Conductivity and Resistivity of Dirac Electrons in Single-Component Molecular Conductor [Pd(dddt)_2]

TL;DR

This study investigates the electrical properties of Dirac electrons in the molecular conductor [Pd(dddt)_2], revealing how pressure influences conductivity and resistivity, with findings explaining experimental observations of pseudogap behavior.

Contribution

It provides a theoretical analysis of Dirac electron transport in [Pd(dddt)_2], highlighting pressure-dependent conductivity and pseudogap phenomena using a tight-binding model.

Findings

Conductivity increases linearly at low T under pressure due to Dirac cones.

Resistivity shows pseudogap-like behavior even with Dirac electrons.

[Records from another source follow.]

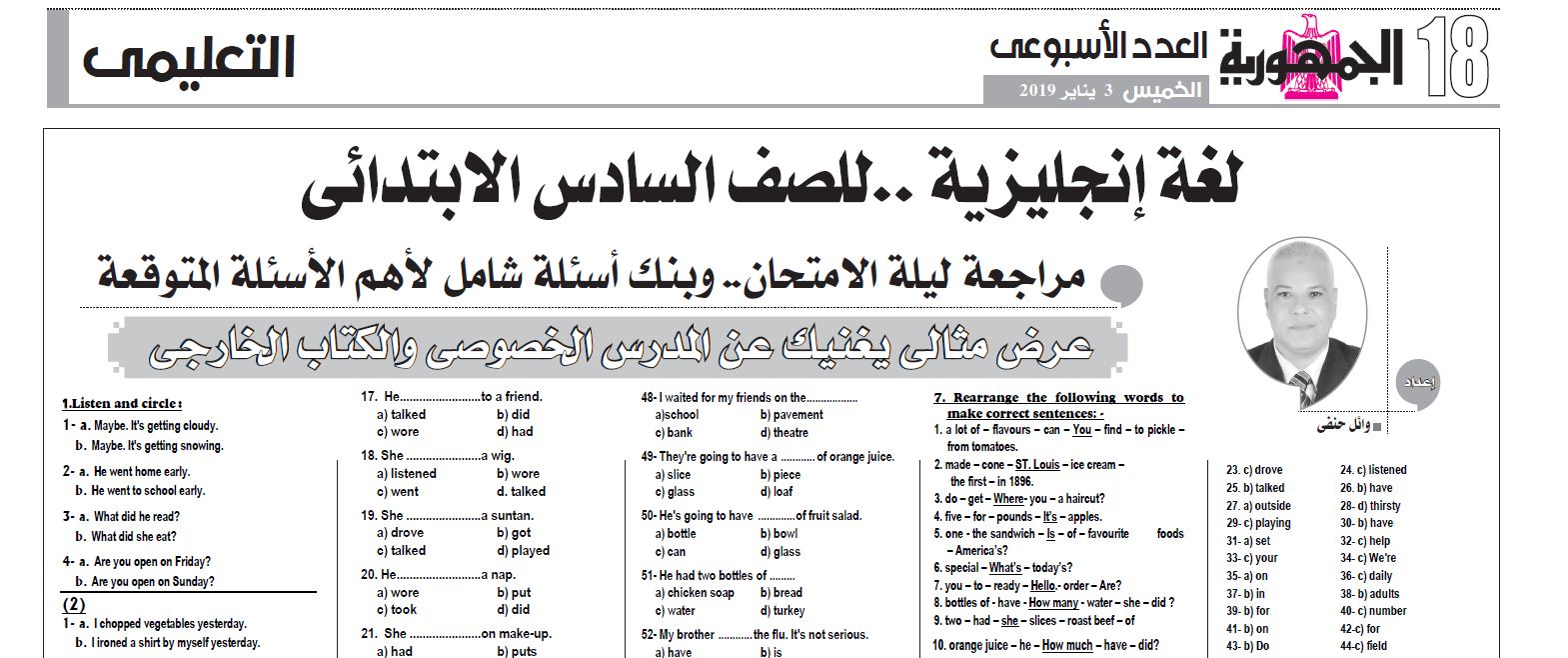 مراجعة لغة انجليزية للصف السادس الابتدائى
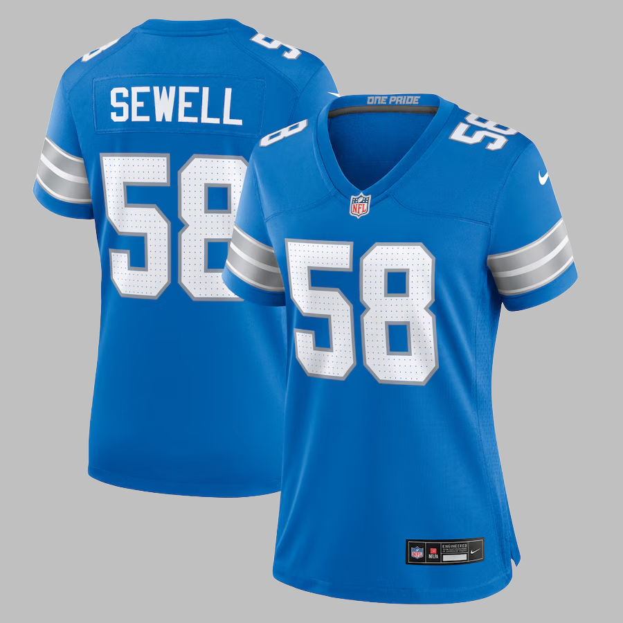 Women's Detroit Lions #58 Penei Sewell All Stitched NFL Blue Jersey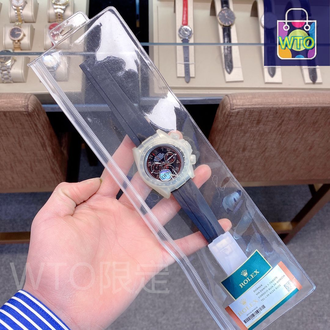 当店では、ロレックス 宇宙計型 迪通拿系列の腕時計をご紹介いたします。この腕時計は、販売促進のためのアップグレードバージョンで、ボタンとケースにはゴムカバーが付属し、フルセットのパッケージで提供されます。保証カードも付いております。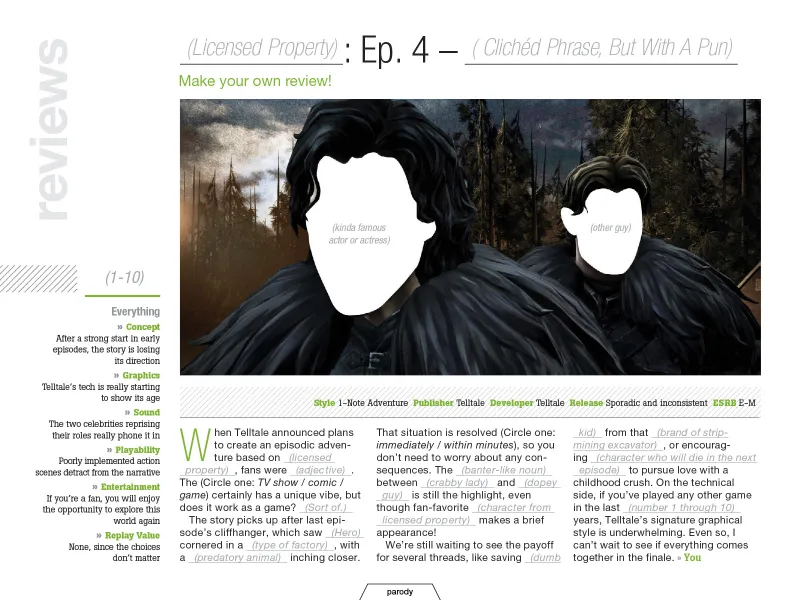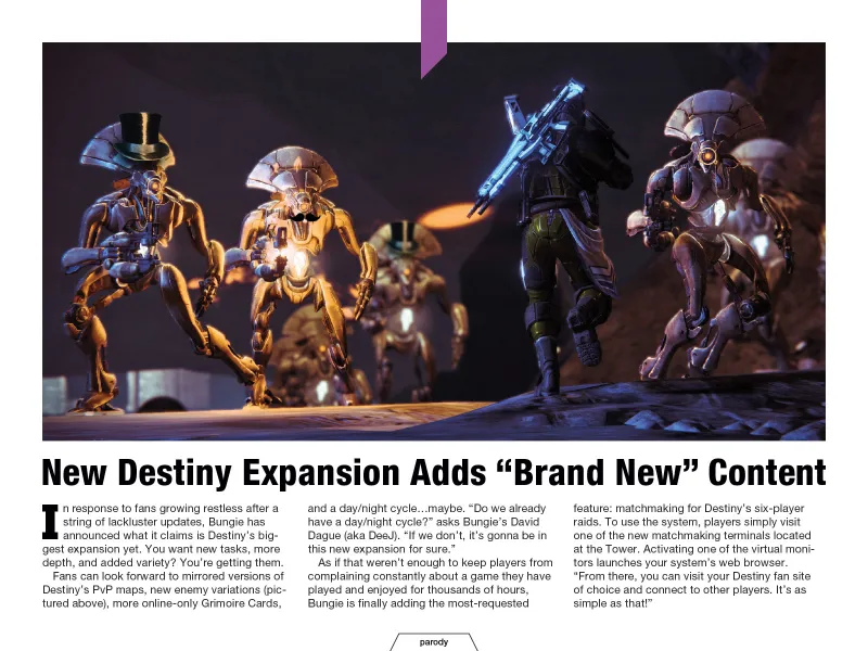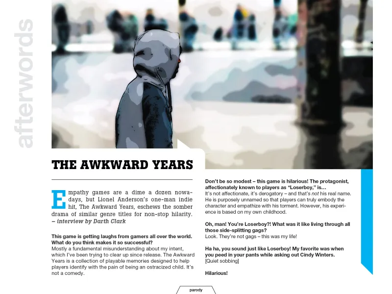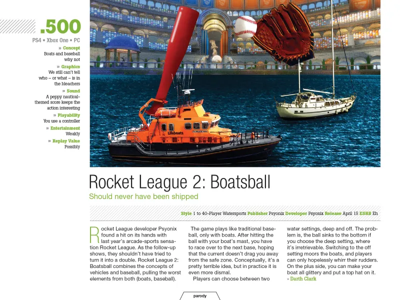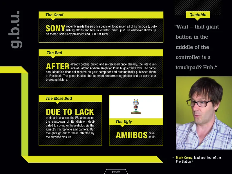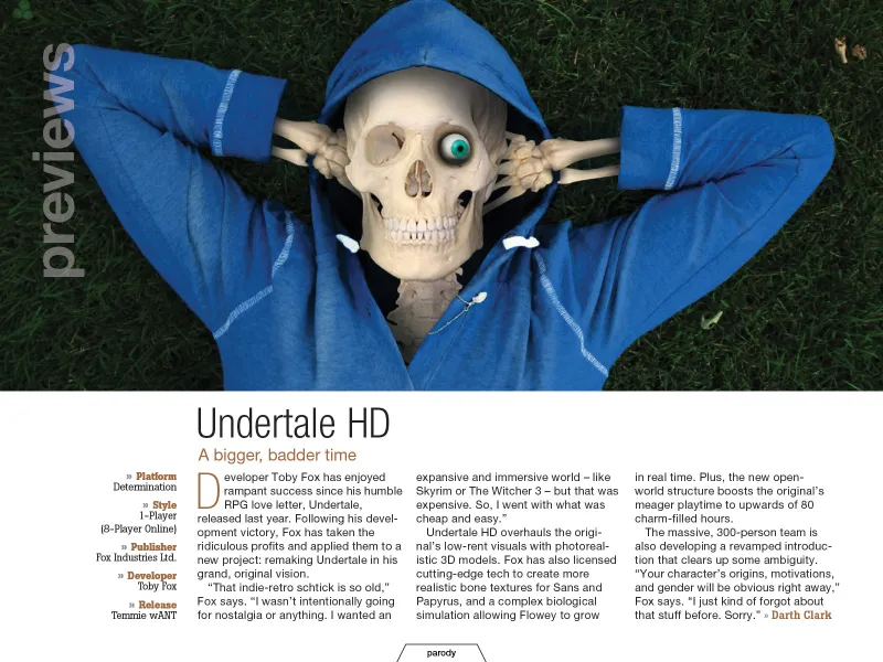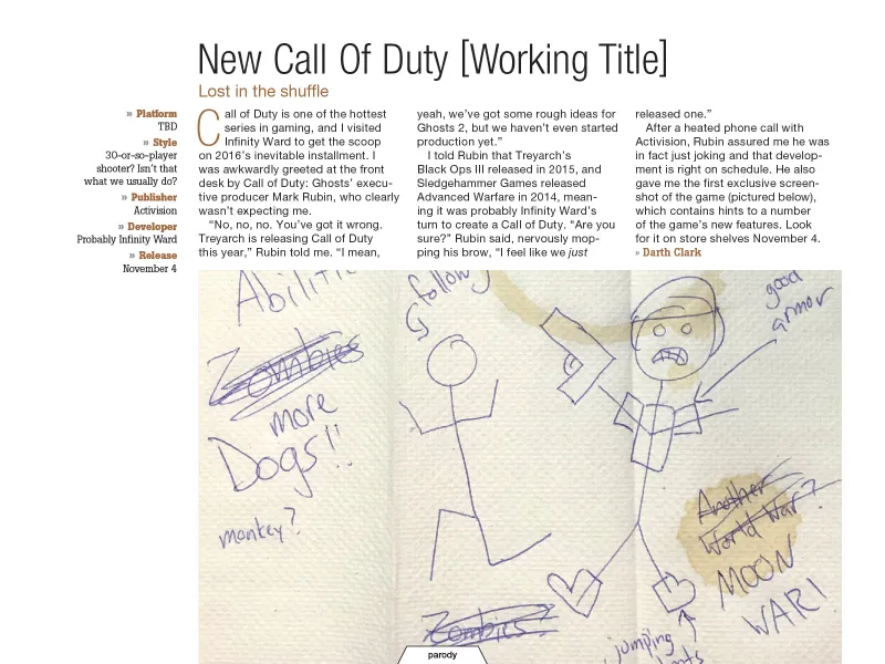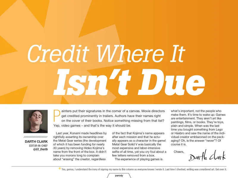 Instead of elaborate pranks, we celebrate April Fools' Day with Game Infarcer, a parody gaming magazine. The feature contains all-fake news, reviews, and interviews; even the editor-in-chief is fake. We include Game Infarcer annually in our April issue, but now you can read this year's edition online.

Pressure influences the transition between semimetal and insulator states.

Abstract

Dirac electrons, which have been found in the single-component molecular conductor [Pd(dddt)_2] under pressure, are examined by calculating the conductivity and resistivity in terms of a tight-binding model for several pressures of P GPa, which give a nodal line semimetal or insulator. The temperature (T) dependence of the conductivity shows that the conductivity increases linearly under pressure at low T due to the Dirac cone but stays almost constant at high T. Further, at lower pressures, the conductivity is suppressed due to an unconventional gap, which is examined by calculating the resistivity. The resistivity exhibits a pseudogap-like behavior even in the case described by the Dirac cone. Such behavior originates from a novel role of the nodal line semimetal followed by a pseudogap that is different from a band gap. The present result reasonably explains the resistivity observed in the experiment.